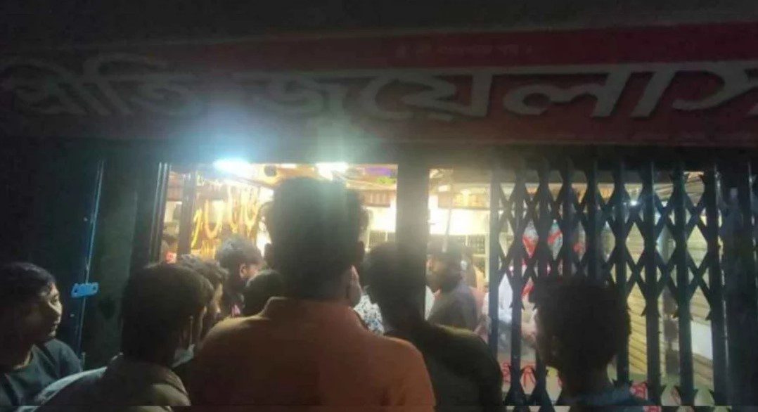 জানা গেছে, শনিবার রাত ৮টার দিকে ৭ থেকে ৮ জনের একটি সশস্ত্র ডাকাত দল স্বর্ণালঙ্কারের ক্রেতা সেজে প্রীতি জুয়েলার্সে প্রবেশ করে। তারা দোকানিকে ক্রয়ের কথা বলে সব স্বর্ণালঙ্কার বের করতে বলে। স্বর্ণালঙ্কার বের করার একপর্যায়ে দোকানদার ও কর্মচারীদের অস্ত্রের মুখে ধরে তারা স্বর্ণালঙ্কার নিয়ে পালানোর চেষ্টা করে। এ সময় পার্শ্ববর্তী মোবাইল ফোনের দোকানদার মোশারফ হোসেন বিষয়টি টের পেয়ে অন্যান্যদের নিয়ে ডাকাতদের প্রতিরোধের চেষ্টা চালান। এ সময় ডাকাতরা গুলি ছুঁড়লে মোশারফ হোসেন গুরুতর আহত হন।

* * *

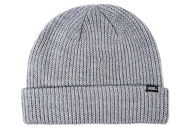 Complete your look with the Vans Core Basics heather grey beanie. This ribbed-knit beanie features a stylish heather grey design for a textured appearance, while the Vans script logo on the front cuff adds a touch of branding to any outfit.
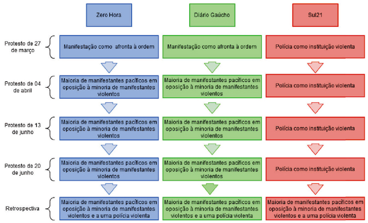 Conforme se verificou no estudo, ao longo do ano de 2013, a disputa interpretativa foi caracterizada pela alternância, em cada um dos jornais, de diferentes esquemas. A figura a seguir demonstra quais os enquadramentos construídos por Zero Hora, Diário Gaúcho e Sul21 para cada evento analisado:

---

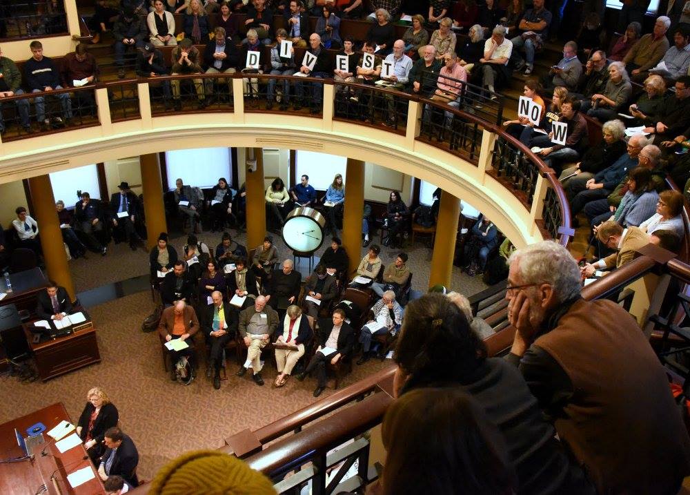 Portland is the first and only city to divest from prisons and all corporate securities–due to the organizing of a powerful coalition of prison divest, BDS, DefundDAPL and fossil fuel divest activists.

▶ _What needs to be done_
What is needed is an exact copy of the lines above from the one with "Complete your look" to the one with "Conforme se verificou", both ends kept, and nothing more; please leave the pictures out.

▶ _Written answer_
 Complete your look with the Vans Core Basics heather grey beanie. This ribbed-knit beanie features a stylish heather grey design for a textured appearance, while the Vans script logo on the front cuff adds a touch of branding to any outfit.
 Conforme se verificou no estudo, ao longo do ano de 2013, a disputa interpretativa foi caracterizada pela alternância, em cada um dos jornais, de diferentes esquemas. A figura a seguir demonstra quais os enquadramentos construídos por Zero Hora, Diário Gaúcho e Sul21 para cada evento analisado:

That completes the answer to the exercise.